*Tracking a directed line or circle* for a robot is a useful capacity in a number of applications. This technology is one of MotionLab's most valuable motion-control technology. With this algorithm, Swan can track a path consisting of multiple lines and circles by switching from one line/circle to the next line/circle. The roundness of switching (transient) motions is controlled by a parameter called *smoothness*. With a larger smoothness, the transition curve becomes larger and smoother.

(1) The first line-tracking example is the *regular polygon* function. Given a positive integer *n*, the function generates *n*+1 lines, where the first and the last one are the same. Swan tracks a path consisting of the *n*+1 lines to make a regular *n*-gon and stops at the end.. By giving *n* = 4, Swan makes a counterclockwise (ccw) *square*. Watch the video, **Square**. Here, another grandson of the founder, Andrew, is harassing Swan. See the trajectory. The *user program* of this* *regular polygon function is shown HERE.

In this line-tracking function, Swan tracks a specific line at every moment. When the time comes, Swan *switches* the current line being tracked into the next one. The timing of this switch between lines is crucial; if the switching takes place too early or too late, the resulting turning motion is not ideal, as this demo and trajectory illustrate. In this trajectory diagram, each *switching point* from one line to the next is explicitly displayed by an *arrowhead.* The best switching time is computed by the line-tracking algorithm using the *smoothness*.

(2) The next example is a *pentagon*. In this case, we give *n* = -5 instead of +5. Then the user program makes a clockwise pentagon instead of a counterclockwise pentagon. Watch the video, **Pentagon**. In this pentagon execution, Swan turns -72º at each vertex. See the trajectory.

(3) By changing the regular-polygon user program a little, we can make a *star* shape with five points. Watch the video, **Star**. See the trajectory. In this motion, Swan turns -144º at each vertex.

We also possess a *circle-tracking algorithm, *in which Swan tracks a given oriented circle, counterclockwise (ccw) or clockwise (cw), with a given smoothness.

(4) The first circle-tracking example is called the *CircleTrain*. The number *n *(>1) of circles is given first. The circles are aligned on one line, detached from each other. The first circle is ccw and the second cw, and so forth. Swan starts from a point on the first circle, and tracks all of them in a row, and comes back to the first one. The robot stops at the starting point. Watch the video, **Circle Train**. Seethe trajectory. In this example *n* = 3. See *the user program* of this function HERE.

(5) The next circle-tracking example is called the *CircleRing*, in which eight small circles detached from each other are placed on a big circle. Swan tracks the small circles sequentially and stops when it comes back to the starting point. Watch the video, **Circle Ring**. See the trajectory. In this case, eight circles are positioned on a bigger circle with alternate orientations, ccw and cw. Although this motion looks similar to the prior *closed serpentine*, it is very different.

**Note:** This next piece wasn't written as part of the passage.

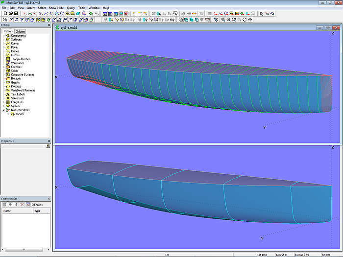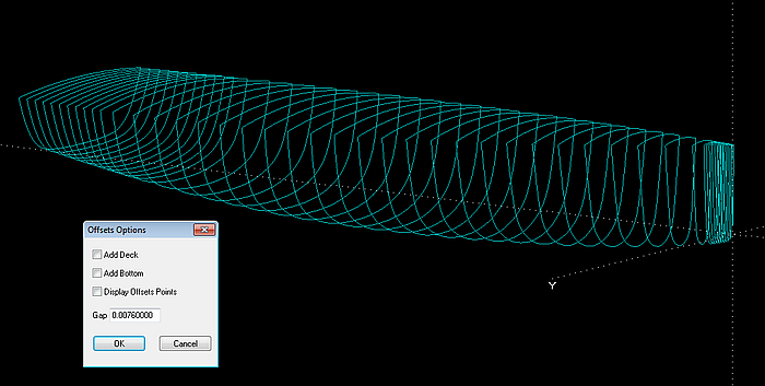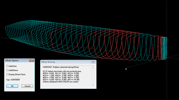 A model showed a problem with View/ Offsets. The default “Gap” value worked fine, but was considered too big to take into account details of the keel bulb. A reduction of “Gap” caused station loops with zero enclosed area. In model sy15-a.ms2 the problem is imitated.
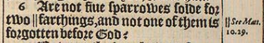 6 Are not fiue sparrowes solde for two || farthings, and not one of them is forgotten before God?[|| See Matt. 10.29.]

(6) A path can be defined by a mixed sequence of lines and circles. The *Hamburger* function is an example. Players for this function are a circle C and an oriented diameter L of the circle; L divides C into a pair, of a ccw half circle CU and a cw half circle CL. Swan tracks L, CU, L, CL, and L in this order and stops at the circle center. Watch the video, **Hamburger**. See the trajectory.

We can define a path with any number of directed lines and oriented circles in a user program. Therefore, we can program an unlimited number of distinct motions in this category.